Во вновь повисшей паузе чувствовалось, что Урсуле хочется продолжить разговор.
– Но, может, было бы лучше разом покончить со всем? – через некоторое время спросила она.
– Не думаю, – сказал он, – время покажет.
Они опять замолчали на некоторое время. Он стал размышлять вслух.
– Чтобы найти то единственное, что действительно нужно человеку, он должен отказаться от всего – полностью все отринуть, – заявил он.
– И что же это за «одно-единственное»? – вызывающе спросила она.
– Не знаю, наверное, свобода.
Ей хотелось, чтобы он сказал «любовь».
В этот момент откуда-то снизу раздался громкий собачий лай. Биркин как будто заволновался. Она же не придала этому значения. Только подумала, чего это он вдруг смутился.
– Дело в том, – тихо произнес он, – что, насколько я понял, пришли Гермиона и Джеральд Крич.

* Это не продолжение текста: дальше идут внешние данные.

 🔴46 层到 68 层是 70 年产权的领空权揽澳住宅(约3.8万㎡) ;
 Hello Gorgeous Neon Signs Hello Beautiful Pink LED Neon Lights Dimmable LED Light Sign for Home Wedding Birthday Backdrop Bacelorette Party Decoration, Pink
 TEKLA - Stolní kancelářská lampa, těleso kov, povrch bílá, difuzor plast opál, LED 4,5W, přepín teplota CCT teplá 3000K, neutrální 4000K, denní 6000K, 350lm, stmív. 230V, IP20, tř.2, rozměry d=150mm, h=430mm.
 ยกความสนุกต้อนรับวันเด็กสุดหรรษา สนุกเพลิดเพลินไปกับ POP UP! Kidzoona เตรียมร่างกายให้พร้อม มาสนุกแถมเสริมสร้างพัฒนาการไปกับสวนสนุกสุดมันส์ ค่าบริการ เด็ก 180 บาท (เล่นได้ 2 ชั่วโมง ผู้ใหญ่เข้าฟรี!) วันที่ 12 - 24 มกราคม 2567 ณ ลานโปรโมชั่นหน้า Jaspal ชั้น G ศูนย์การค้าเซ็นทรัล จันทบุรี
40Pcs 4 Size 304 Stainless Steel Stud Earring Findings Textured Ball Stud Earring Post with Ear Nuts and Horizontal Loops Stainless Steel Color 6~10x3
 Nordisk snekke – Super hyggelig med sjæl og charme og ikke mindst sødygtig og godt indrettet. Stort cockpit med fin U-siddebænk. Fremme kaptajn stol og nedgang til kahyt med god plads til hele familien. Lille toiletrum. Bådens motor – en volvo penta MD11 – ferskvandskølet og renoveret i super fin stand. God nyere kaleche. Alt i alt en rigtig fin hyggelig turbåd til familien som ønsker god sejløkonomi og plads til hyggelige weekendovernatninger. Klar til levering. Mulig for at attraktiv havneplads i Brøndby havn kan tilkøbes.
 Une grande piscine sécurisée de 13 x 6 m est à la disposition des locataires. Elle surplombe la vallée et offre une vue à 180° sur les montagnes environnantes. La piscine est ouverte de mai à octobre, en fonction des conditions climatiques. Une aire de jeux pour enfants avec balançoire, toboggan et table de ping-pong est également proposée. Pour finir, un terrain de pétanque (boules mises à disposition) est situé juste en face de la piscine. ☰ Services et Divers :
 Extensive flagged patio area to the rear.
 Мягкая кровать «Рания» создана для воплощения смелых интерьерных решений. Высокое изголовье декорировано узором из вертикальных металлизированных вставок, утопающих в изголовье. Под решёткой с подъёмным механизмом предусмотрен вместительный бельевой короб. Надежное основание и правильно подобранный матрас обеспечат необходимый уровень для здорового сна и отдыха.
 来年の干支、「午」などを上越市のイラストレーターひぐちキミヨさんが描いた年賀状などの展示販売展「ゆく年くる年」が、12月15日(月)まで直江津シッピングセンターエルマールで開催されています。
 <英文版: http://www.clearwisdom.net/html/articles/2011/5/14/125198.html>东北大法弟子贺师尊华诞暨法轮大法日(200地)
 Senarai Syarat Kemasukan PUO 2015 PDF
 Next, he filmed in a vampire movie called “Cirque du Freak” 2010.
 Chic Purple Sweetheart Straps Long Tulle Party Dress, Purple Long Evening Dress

Ей хотелось взглянуть на комнаты до того, как я привезу мебель.
– Понятно, – отозвалась Урсула. – Она сама будет обставлять комнаты для вас.
– Возможно. А это что-нибудь меняет?
– Нет, не думаю, – сказала Урсула. – Если говорить честно, я ее не выношу. Мне кажется, она насквозь лживая, если вы, который постоянно говорит о лжи, хотите узнать мое мнение.
Она поразмыслила и снова заговорила:
– Да, хочу вам сказать, мне неприятно, что она будет обставлять ваши комнаты. Да, мне неприятно. Мне неприятно, что вы вообще позволяете ей приходить к себе.
Он замолчал, нахмурив брови.
– Возможно, – сказал он. – Я не хочу, чтобы она обставляла мои комнаты, и я вовсе не поощряю ее присутствие. Но я же не должен из-за этого грубить ей, так ведь? В любом случае, мне придется спуститься и встретить их. Вы пойдете со мной?
– Вряд ли, – холодно, но нерешительно промолвила она.
– Пожалуйста, пойдемте! Пойдемте, заодно посмотрите, где я живу. Идемте.